Alle sei Riccardo si alzò dal letto e respirò il profumo vissuto della camera, osservando le lenzuola disfatte aggrovigliate tra le gambe bianchissime di Vittoria. Lei dormiva, un’espressione leggera e fragile sul viso, come di chi prova una felicità troppo grande e sconosciuta per fidarsi davvero. Respirava piano, quasi impercettibilmente. Forse fingeva solo di dormire, ma Riccardo non poteva aspettare ulteriormente.

Sentiva che anche quell’amore era consumato e antico. Si sentiva vecchio dopo quella lunghissima giornata. Si sentiva vecchio e stanco di vagare. Non aveva una meta e, ormai, non aveva nemmeno più un vero desiderio. L’animo era stracciato da quell’amore che, così forte e inaspettato, l’aveva sovrastato e confuso. Aveva amato come nessuno aveva amato mai e quel sentimento era stato ricambiato con una dolcezza inusuale. Nel petto sentiva un cuore ormai maturo, ormai affaticato dall’amore. Non aveva più la forza di provarlo.

Aveva più anni di quanti pensasse, solo ora se ne rendeva conto. Solo ora, guardando Vittoria, bella come nessuna lo era stata e giovane come la speranza di una vita nuova, capiva che i suoi anni erano troppi per poterla amare ancora come ci si aspetterebbe da un ventenne. Non aveva più melodie da suonarle, storie da raccontarle, carezze da offrirle, baci da regalarle, passioni per sconvolgerla e per meritare la sua dedizione.

Perciò si vestì lentamente, continuando a guardare quel corpo, giovane e fresco come il vento di aprile, e, quando ebbe infilato la giacca di jeans, uscì, chiudendo piano la porta dietro di sé. Scese le scale più in fretta di quanto non si faccia alla sei del mattino e andò alla stazione. Prese il primo treno e decise che quello sarebbe stato l’ultimo, che non aveva più bisogno di cercare nulla, perché tutto quello che aveva sempre desiderato l’aveva ormai avuto e questo appagamento lo aveva svuotato delle forze per continuare a vivere. Salì su un treno per Napoli e nessuno si accorse mai più di lui, come Vittoria aveva fatto solo il giorno prima. Fu come se fosse scomparso e, forse, fu davvero così. Forse nemmeno lui trovò più quello che aveva perso facendo all’amore con Vittoria.

 

 

Vittoria aprì gli occhi non appena Riccardo ebbe chiuso la porta. Li aprì che già piangevano, lacrime di una tristezza così profonda da non riuscire nemmeno a piangere sul serio. Si alzò dopo qualche minuto e, nuda come una statua di marmo spogliata dei propri gioielli, si guardò allo specchio. Era tremendamente magra, così debole e così appesantita dal dolore da sentirsi svenire. E forse svenne e nessuno se ne accorse, perché alle sei del mattino nessuno pensa che nell’appartamento accanto qualcuno ha appena assaggiato la lama crudele della delusione.
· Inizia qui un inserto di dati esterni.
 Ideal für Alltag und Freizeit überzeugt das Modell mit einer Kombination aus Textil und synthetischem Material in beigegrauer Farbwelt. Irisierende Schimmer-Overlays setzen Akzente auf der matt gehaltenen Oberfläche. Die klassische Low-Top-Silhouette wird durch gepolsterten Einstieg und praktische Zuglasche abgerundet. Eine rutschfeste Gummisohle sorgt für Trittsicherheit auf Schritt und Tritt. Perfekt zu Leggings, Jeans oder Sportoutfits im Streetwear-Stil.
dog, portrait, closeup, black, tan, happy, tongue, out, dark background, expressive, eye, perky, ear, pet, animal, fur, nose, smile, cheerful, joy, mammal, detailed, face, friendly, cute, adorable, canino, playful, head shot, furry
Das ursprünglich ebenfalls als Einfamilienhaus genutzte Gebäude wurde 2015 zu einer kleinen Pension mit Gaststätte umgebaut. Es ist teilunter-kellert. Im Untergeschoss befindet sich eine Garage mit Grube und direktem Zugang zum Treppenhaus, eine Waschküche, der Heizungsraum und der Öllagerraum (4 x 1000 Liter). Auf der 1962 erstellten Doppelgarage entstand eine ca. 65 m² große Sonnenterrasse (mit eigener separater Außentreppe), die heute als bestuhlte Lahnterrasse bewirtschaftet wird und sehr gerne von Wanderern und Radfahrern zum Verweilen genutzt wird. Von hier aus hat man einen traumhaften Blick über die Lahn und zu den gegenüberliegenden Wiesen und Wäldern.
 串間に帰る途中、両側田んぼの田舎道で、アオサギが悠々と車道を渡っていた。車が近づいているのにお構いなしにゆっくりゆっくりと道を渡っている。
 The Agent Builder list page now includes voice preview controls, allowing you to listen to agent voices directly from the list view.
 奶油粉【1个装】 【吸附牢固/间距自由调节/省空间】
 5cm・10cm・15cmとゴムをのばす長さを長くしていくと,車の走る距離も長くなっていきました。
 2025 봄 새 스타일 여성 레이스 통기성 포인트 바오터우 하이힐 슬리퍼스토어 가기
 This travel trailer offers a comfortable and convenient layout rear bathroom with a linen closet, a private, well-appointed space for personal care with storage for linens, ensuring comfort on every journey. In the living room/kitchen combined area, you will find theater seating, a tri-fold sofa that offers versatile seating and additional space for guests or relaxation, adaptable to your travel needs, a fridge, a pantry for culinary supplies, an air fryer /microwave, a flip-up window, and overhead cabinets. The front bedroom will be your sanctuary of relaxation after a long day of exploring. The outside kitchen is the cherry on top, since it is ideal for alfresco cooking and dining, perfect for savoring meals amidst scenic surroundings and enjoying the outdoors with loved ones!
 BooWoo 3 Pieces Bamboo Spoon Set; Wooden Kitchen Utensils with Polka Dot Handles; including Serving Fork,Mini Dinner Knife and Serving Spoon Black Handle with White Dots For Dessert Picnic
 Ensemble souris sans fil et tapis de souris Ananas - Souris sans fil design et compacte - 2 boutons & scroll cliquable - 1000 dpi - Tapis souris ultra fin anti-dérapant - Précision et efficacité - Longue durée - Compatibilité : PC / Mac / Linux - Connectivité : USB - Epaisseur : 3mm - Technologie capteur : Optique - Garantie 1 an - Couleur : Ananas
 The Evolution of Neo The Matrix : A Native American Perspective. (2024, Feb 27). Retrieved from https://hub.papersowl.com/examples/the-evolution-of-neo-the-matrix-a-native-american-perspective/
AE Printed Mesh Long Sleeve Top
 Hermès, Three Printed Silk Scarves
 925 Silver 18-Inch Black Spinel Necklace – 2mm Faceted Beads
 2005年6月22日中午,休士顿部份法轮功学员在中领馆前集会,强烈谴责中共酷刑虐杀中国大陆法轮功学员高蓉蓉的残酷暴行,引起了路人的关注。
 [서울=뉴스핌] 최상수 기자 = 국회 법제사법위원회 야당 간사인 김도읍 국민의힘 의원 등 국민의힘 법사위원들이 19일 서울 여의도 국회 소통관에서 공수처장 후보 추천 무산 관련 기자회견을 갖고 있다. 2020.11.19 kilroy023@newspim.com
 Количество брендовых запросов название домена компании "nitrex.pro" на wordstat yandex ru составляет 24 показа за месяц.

Andò in cucina e si sedette su una sedia, osservando l’alba al di là della finestra del balcone. Era paralizzata dal dolore, profondamente fisico e difficile da tacere. Avrebbe voluto urlare, perché la pelle si stava squarciando, perché i muscoli si stavano sfilacciando e perché il sangue sgorgava velocemente fuori dal suo petto.

Era come aver il sole nel cuore: poteva sentirlo esplodere e bruciare la carne viva, incidendo a fondo gli organi, facendo seccare il sangue nelle vene.

Era come una ferita riaperta e cosparsa dell’aspro succo dell’abbandono. I sensi erano anestetizzati, un solo tagliente dolore le bucava in ventre e la obbligava a ripiegarsi su se stessa.

Doveva abortire quell’amore per sopravvivere, rigettare l’organo che l’aveva salvata. Tornare a non saper respirare, a non sentire i battiti del proprio cuore. Tremava di freddo e di solitudine, un gelo fin troppo conosciuto e da cui era riuscita ad allontanarsi per sole ventiquattr’ore.

Piangeva grossi grani di sale e la gola, secca per il respiro troppo corto, era occlusa da un senso di nausea mentale e fisica. Corse in bagno e credette di vomitare, ma il suo corpo era troppo vuoto per potersi privare ancora di qualcosa. Si sedette sul pavimento bianco e strinse i pugni, lasciando segni profondi sui palmi delle mani ossute. Lasciò sbattere la propria schiena contro le piastrelle di ceramica e chiuse gli occhi.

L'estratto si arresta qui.